Even though the pandemic has mostly faded out, remote work and other trends that emerged during it are still going strong. This is evidenced by the fact that gross nights booked for stays longer than a week in Q4 2022 were a staggering 40% higher than in the same period in 2019. Plus, long-term stays of 28 nights or more made up an impressive 21% of all gross nights booked.
But what about the long term? Well, besides building a behemoth in the travel industry, Airbnb’s management is already returning value to shareholders through its share repurchase program.
The company repurchased $1.5 billion worth of stock during Fiscal 2022, which resulted in a reduction in the outstanding shares, as this amount exceeded the underlying stock-based compensation. I expect the share count to continue declining, especially given Airbnb’s tremendous free cash flow generation.
Is ABNB Stock a Buy, According to Analysts?
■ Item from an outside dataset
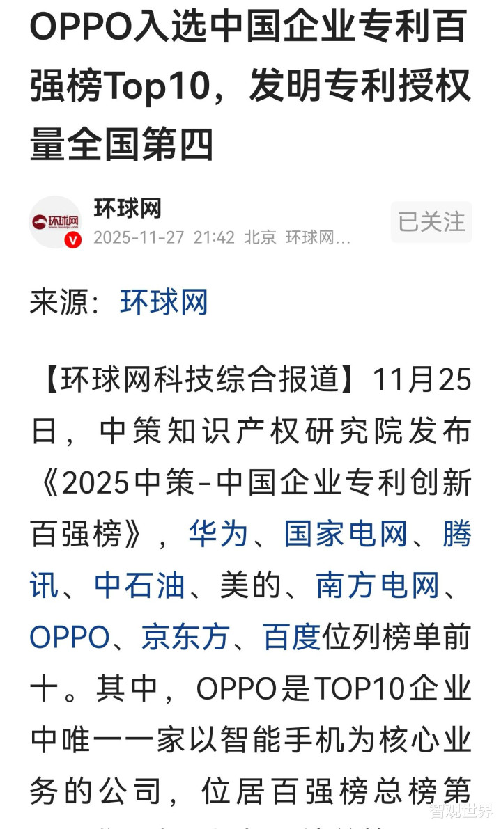 据环球网消息,中策知识产权研究院发布《2025中策-中国企业专利创新百强榜》,华为、国家电网、腾讯、OPPO、美的、京东方等位列榜单前十,其中华为分别位列创新榜第一,授权榜第二。

Turning to Wall Street, Airbnb has a Moderate Buy consensus rating based on 14 Buys, 14 Holds, and three Sells assigned in the past three months. At $140.69, the average Airbnb stock price target implies 10.6% upside potential.
The Takeaway
Airbnb closed Fiscal 2022 on an exhilarating high, with a promising outlook for growth and profitability. The momentum of the past year is set to continue through 2023, as management expects revenue growth between 16% to 21%.
With the company’s ongoing margin expansion, net income and free cash flow should grow at an even higher rate. This is why I believe that the 2023 consensus EPS growth estimate of 21% is a tad conservative, suggesting that there could be further upside for the stock.